3. The method of claim 1, further comprising: collecting a
plurality of additional labeled images; providing a pre-trained
convolutional neural network that is pre-trained on an image
database that does not include the additional labeled images; and
training the pre-trained convolutional neural network on the
plurality of additional labeled images to classify each labeled
frame into a single pacing individual category, a pair of pacing
individuals category, and a three pacing individual category to
provide a trained convolutional neural network, wherein processing
the labeled image through the convolutional neural network
comprises processing the labeled image through the trained
convolutional neural network.
4. The method of claim 1, wherein a pulse repetition frequency for
each UWB radar sensor is within a range from 100 MHz to 10 GHz.
5. The method of claim 1, further comprising: imaging a plurality
of walls within the structure to provide an image of the plurality
of walls, and overlaying the labeled image over the image of the
plurality of walls.
6. The method of claim 1, wherein transmitting the train of UWB
impulses from each of the UWB radar sensors to receive the
corresponding train of received UWB impulses at each UWB radar
sensor comprises transmitting the train of UWB impulses through a
first array of antennas and receiving the corresponding train of
received UWB impulses through a second array of antennas.

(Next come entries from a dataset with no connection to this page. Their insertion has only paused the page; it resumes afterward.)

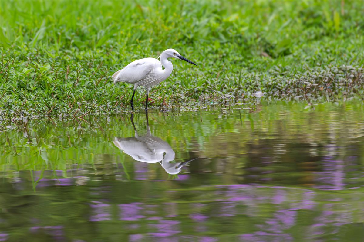 白鹭轻立溪岸,清波揽影,绿茵铺展,是自然里温柔的生态瞬间。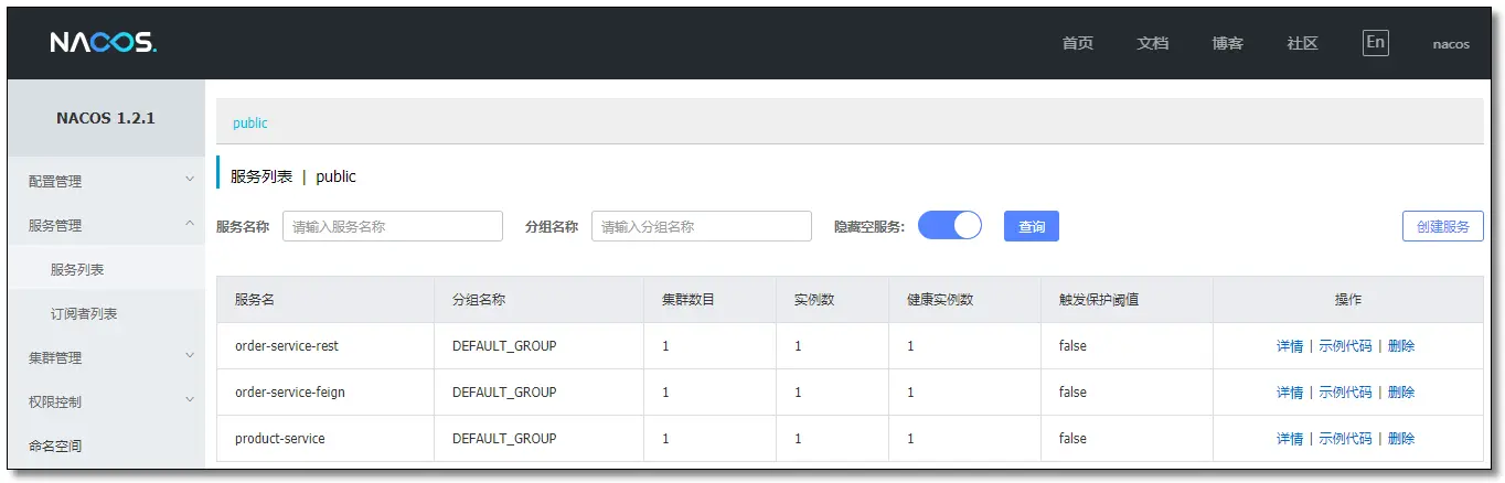 Nacos 注册中心product-service:商品服务,提供了/product/{id}接口order-service-rest:订单服务,基于Ribbon通过RestTemplate调用商品服务order-server-feign:订单服务,基于Feign通过声明式服务调用商品服务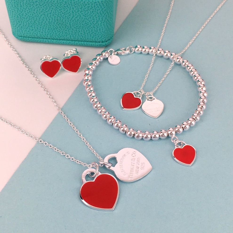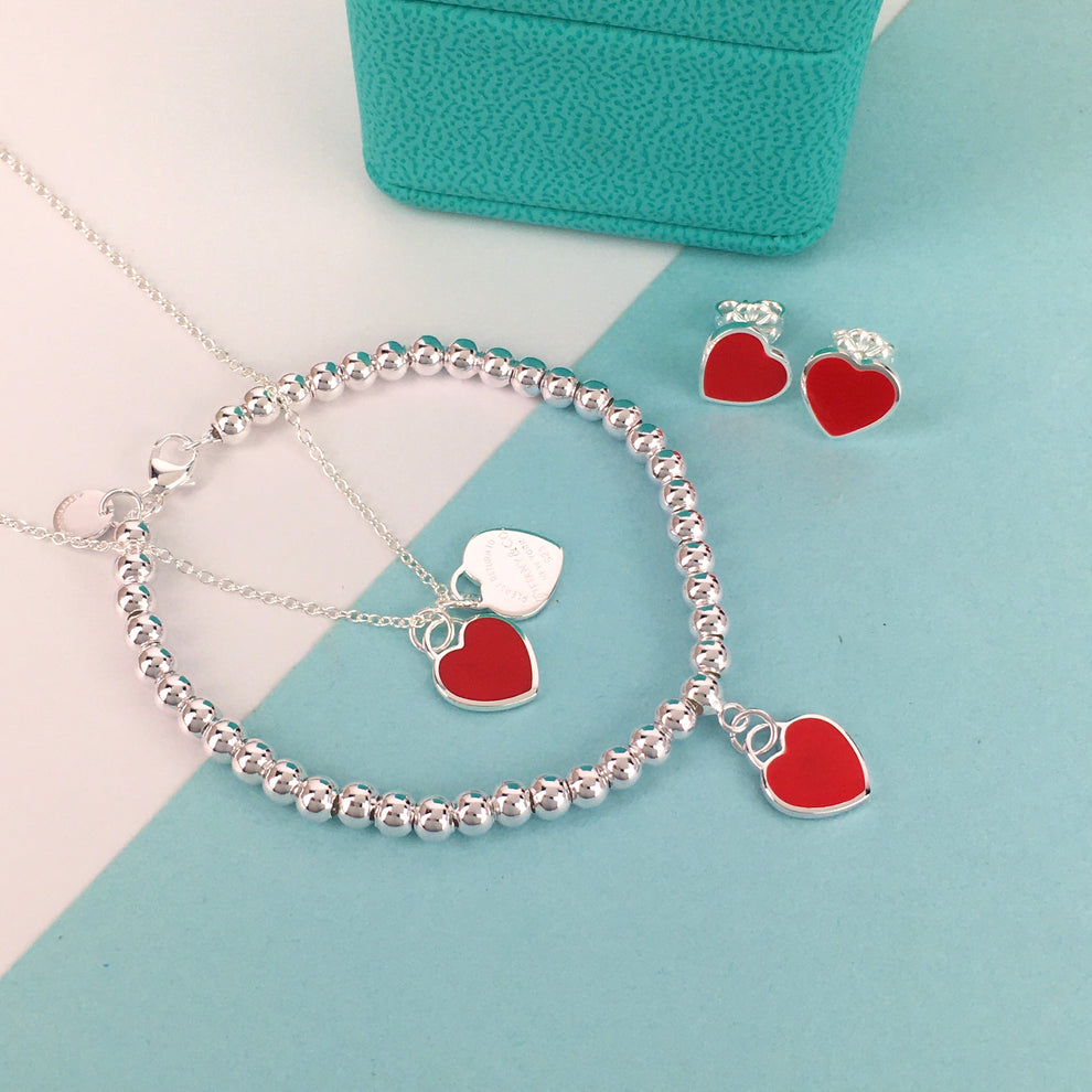 Set of Tiffany & Co Return to Tiffany Small Red Heart Stud Earrings Silver Necklace earrings Bracelet

7. The method of claim 1, wherein processing the labeled image
through the convolutional neural network further comprising
uploading the labeled image through the internet to the
convolutional neural network.
8. The method of claim 1, wherein processing the labeled image
further comprises comparing the labeled image to a subsequent
labeled image to generate a temporal map of individual
movements.
9. The method of claim 8, further comprising analyzing the temporal
map of individual movements to determine whether an individual is
calm or agitated.
10. A system to identify pacing and motionless individuals inside a
structure, comprising: a pair of ultra-wide band (UWB) radar
sensors positioned along a wall of the structure, wherein each UWB
radar sensor is configured to transmit a train of UWB impulses and
to receive a corresponding train of received UWB impulses; a signal
processor configured to process the received trains of UWB impulses
to produce an image of a plurality of search bins within the
structure, wherein the signal processor is further configured to
label each search bin with a first label in response to a detection
of a pacing individual within the search bin to produce a labeled
image; and a convolutional neural network configured to classify
the labeled image as to how many detected pacing individuals are
illustrated by the labeled image.
11. The system of claim 10, further comprising additional UWB radar
sensors positioned along the wall of the structure.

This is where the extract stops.